What is expected
Write out the listing exactly, dropping any picture it contains.

Data segment
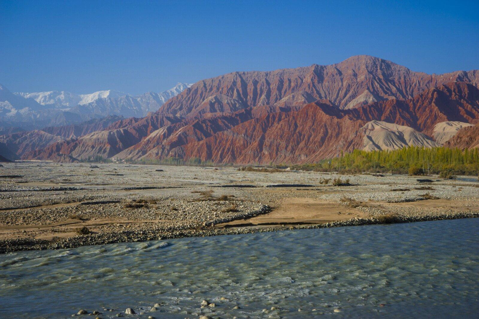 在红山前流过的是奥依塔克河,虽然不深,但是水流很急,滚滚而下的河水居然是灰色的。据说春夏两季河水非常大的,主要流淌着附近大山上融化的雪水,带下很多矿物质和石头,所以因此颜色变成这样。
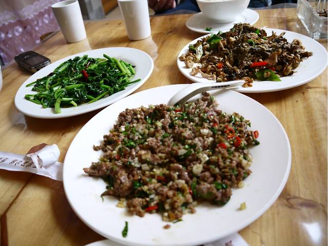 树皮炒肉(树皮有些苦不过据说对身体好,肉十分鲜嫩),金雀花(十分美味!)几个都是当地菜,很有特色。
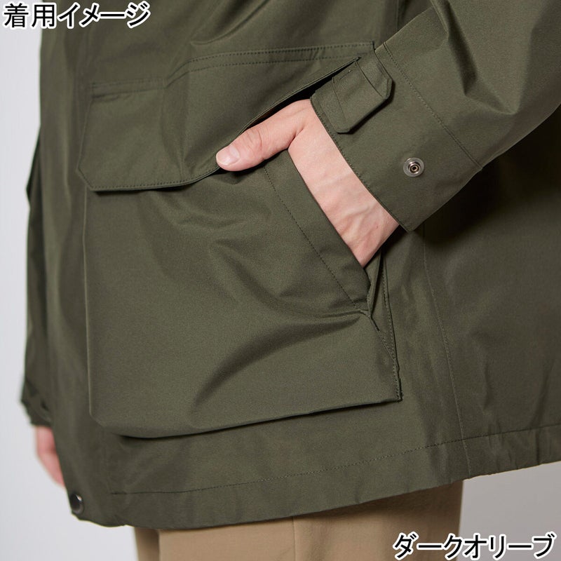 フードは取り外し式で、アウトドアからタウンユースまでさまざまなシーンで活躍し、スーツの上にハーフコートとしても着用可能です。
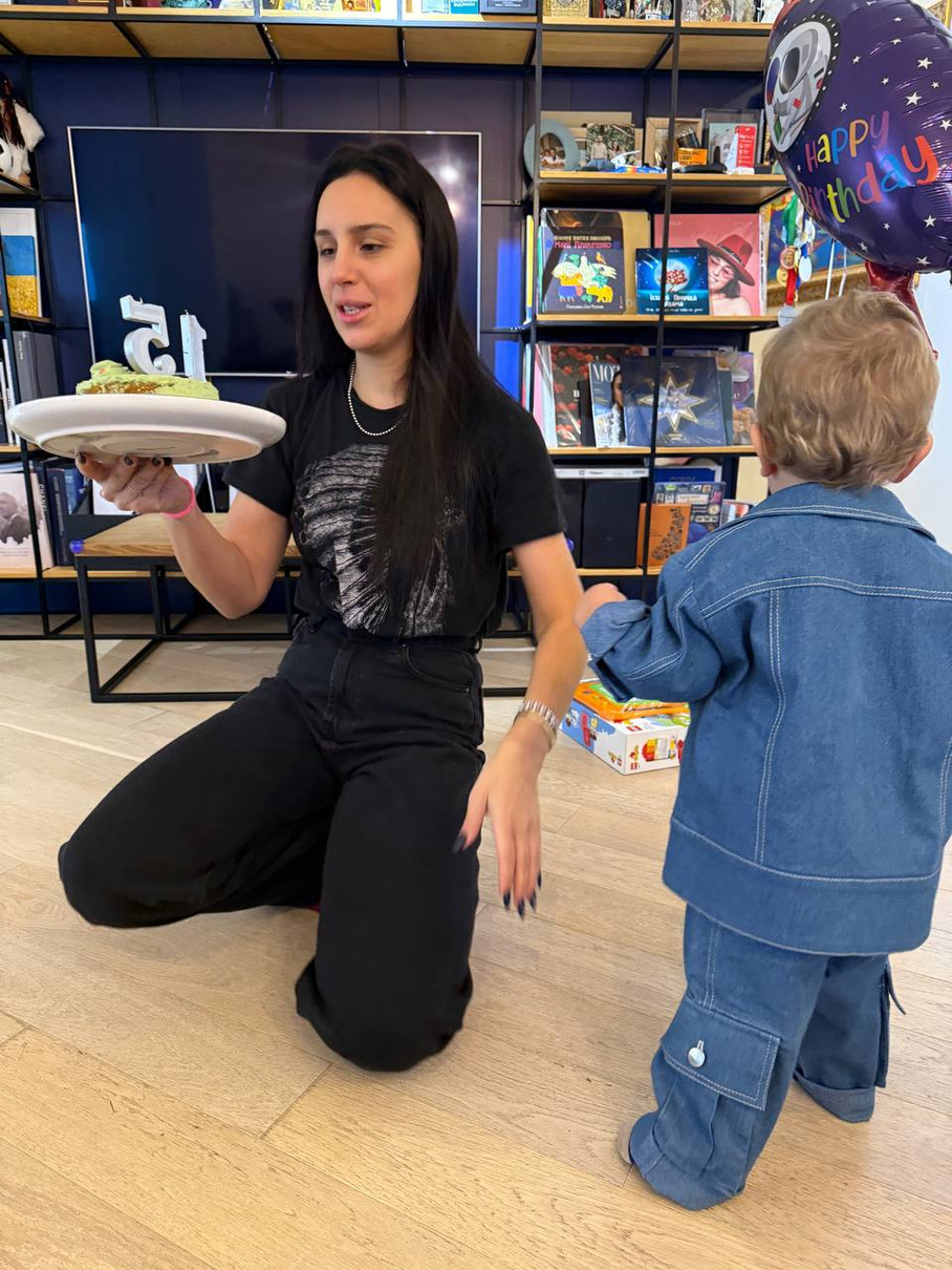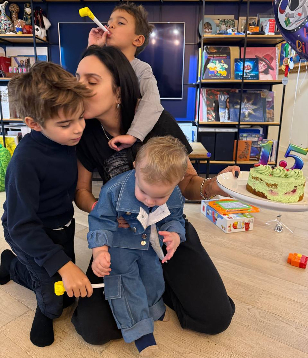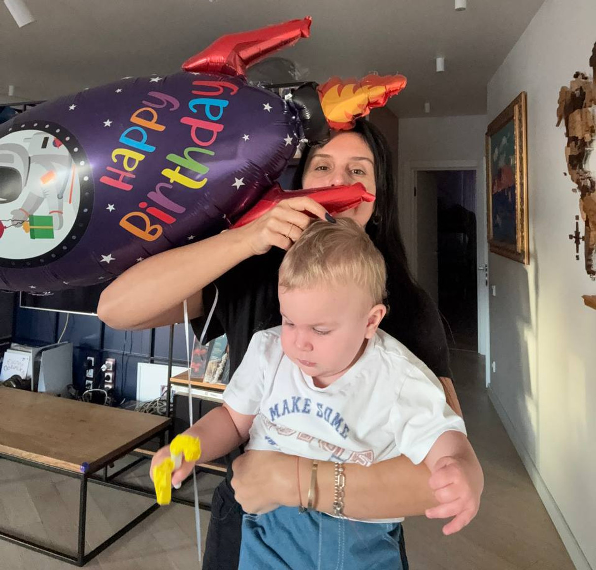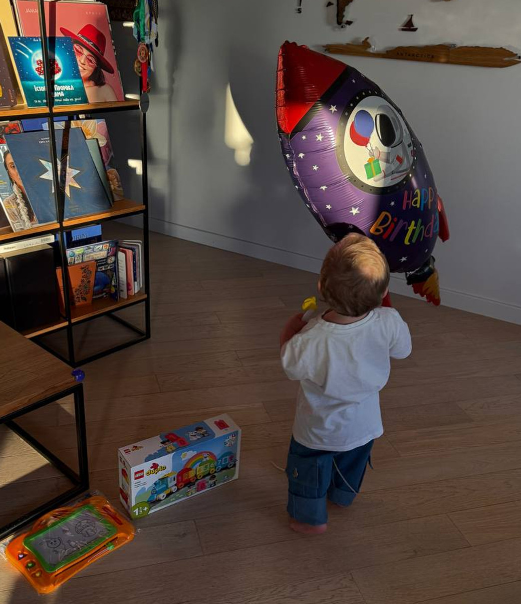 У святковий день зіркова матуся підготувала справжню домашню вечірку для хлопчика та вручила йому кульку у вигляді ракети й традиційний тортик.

Solution below
 在红山前流过的是奥依塔克河,虽然不深,但是水流很急,滚滚而下的河水居然是灰色的。据说春夏两季河水非常大的,主要流淌着附近大山上融化的雪水,带下很多矿物质和石头,所以因此颜色变成这样。
 树皮炒肉(树皮有些苦不过据说对身体好,肉十分鲜嫩),金雀花(十分美味!)几个都是当地菜,很有特色。
 フードは取り外し式で、アウトドアからタウンユースまでさまざまなシーンで活躍し、スーツの上にハーフコートとしても着用可能です。
 У святковий день зіркова матуся підготувала справжню домашню вечірку для хлопчика та вручила йому кульку у вигляді ракети й традиційний тортик.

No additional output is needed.